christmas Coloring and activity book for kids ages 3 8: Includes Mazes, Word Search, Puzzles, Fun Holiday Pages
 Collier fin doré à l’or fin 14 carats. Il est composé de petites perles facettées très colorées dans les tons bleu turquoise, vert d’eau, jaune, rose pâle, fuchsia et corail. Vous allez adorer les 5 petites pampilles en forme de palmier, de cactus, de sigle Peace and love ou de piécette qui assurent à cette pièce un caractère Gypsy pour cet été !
---
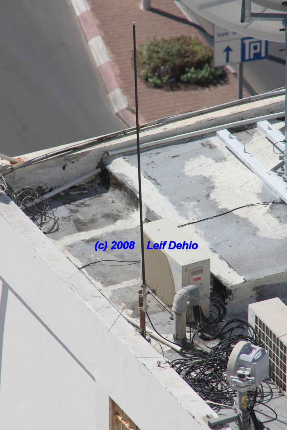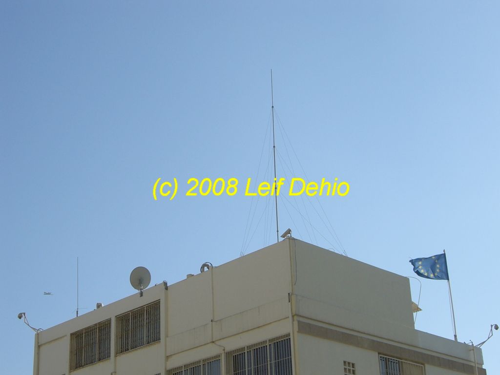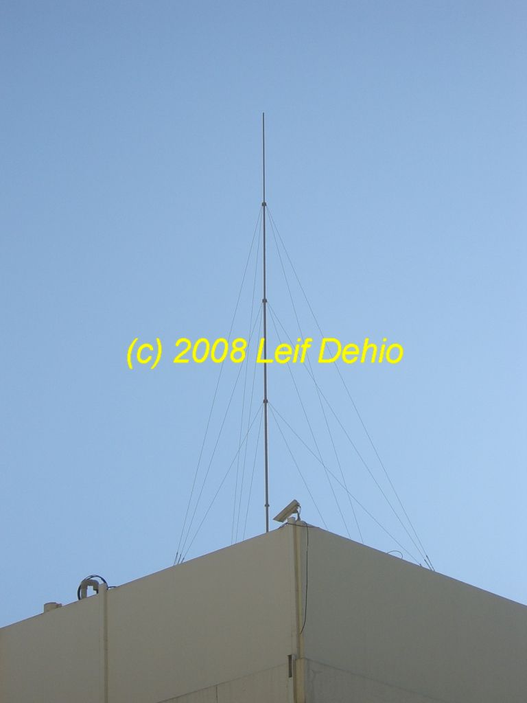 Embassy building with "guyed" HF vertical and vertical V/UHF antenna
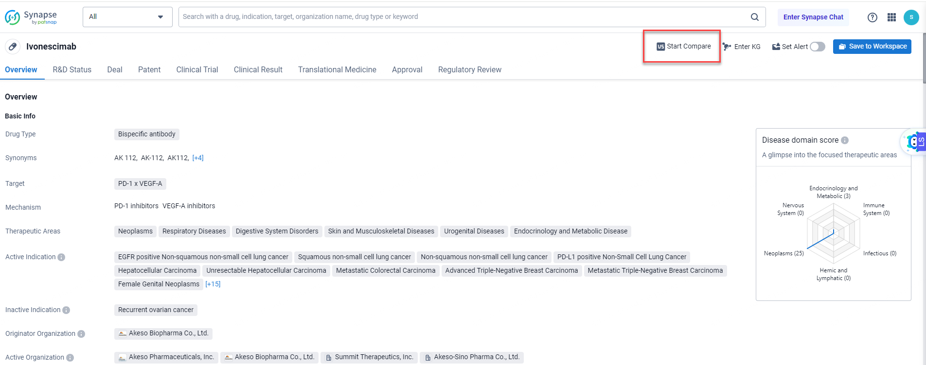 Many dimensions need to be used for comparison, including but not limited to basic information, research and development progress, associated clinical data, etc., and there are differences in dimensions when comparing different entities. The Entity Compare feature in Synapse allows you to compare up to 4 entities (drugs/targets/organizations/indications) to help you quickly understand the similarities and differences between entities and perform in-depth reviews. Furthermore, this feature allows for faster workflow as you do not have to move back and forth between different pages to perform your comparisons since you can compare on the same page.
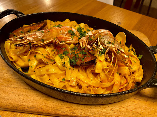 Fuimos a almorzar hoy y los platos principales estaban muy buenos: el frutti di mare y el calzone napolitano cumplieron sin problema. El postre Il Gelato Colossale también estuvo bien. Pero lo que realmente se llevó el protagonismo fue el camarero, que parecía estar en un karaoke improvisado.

## Requirement
Starting at the line with "Embassy building with" in the entries above, write out every line exactly until the line with "Fuimos a almorzar" has been written. Include no pictures and nothing more.

## Response to this exercise
 Embassy building with "guyed" HF vertical and vertical V/UHF antenna
 Many dimensions need to be used for comparison, including but not limited to basic information, research and development progress, associated clinical data, etc., and there are differences in dimensions when comparing different entities. The Entity Compare feature in Synapse allows you to compare up to 4 entities (drugs/targets/organizations/indications) to help you quickly understand the similarities and differences between entities and perform in-depth reviews. Furthermore, this feature allows for faster workflow as you do not have to move back and forth between different pages to perform your comparisons since you can compare on the same page.
 Fuimos a almorzar hoy y los platos principales estaban muy buenos: el frutti di mare y el calzone napolitano cumplieron sin problema. El postre Il Gelato Colossale también estuvo bien. Pero lo que realmente se llevó el protagonismo fue el camarero, que parecía estar en un karaoke improvisado.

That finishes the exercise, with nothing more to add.